How much can you learn from the words that make up a scientific paper? When they are in order and presented in the traditional scientific way, a great deal. However, even when they are taken out of context, you can still learn a lot about the research.
In this post we have taken a recent research paper published by the Blast research group at Imperial College, London, and created a word cloud where the size of each word varies, depending on how often it’s used.
The paper, “Blast-related fracture patterns: a forensic biomechanical approach” by A Ramasamy et al was published in the Journal of the Royal Society Interface, and looks at the different effects of combat explosions on the body, comparing blasts that occur inside vehicles to those that take place in the open.
A quick look through this word cloud reveals the main thrust of the research. However, on closer examination you can start to uncover the nature of science itself. Words such as “data” and “figure” indicate how researchers validate their conclusions. The prevalence of the word, “et” (from a citation “et al”), indicates that the group has used a number of references to both justify their findings and give them greater meaning by linking them to a wider scientific network.

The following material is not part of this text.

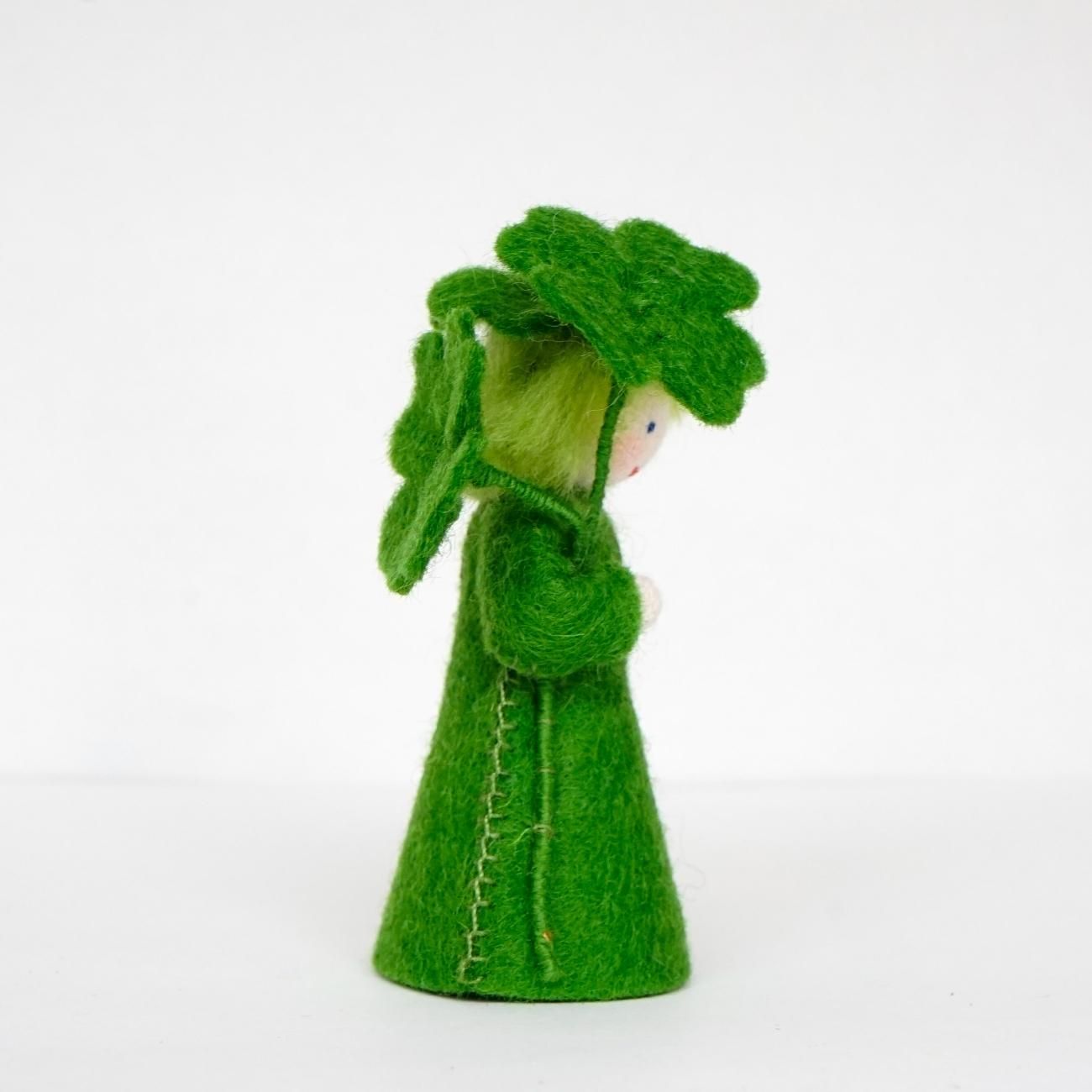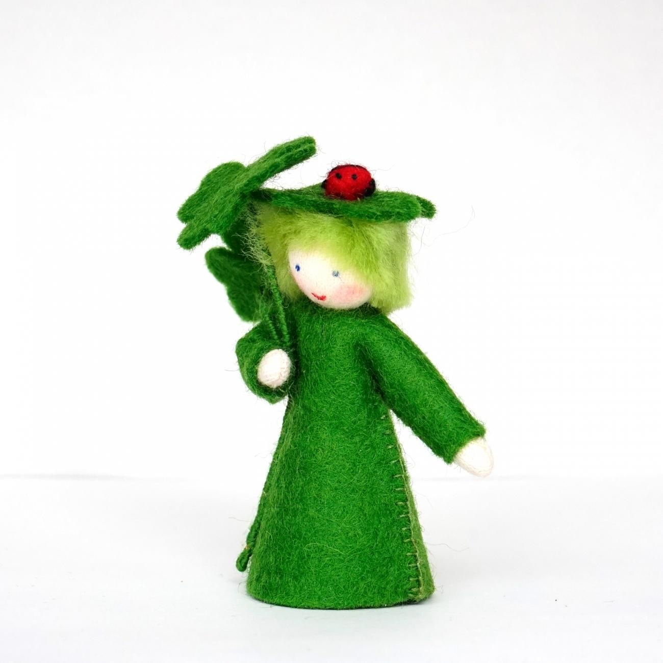 クローバーを手に抱えた妖精です、頭にはかわいいテントウムシがちょこんととまっています。

On the other hand, it also raises some questions. What are ZoIs? And what do waves have to do with blast injuries? These technical details and nuances of the research process are something that can only be understood if you delve deeper in the lab’s research.
Arul Ramasamy, Adam M. Hill, Spyros Masouros, Iain Gibb, Anthony M. J. Bull, and Jon C. Clasper
Blast-related fracture patterns: a forensic biomechanical approach
J R Soc Interface 2010 : rsif.2010.0476v1-rsif20100476.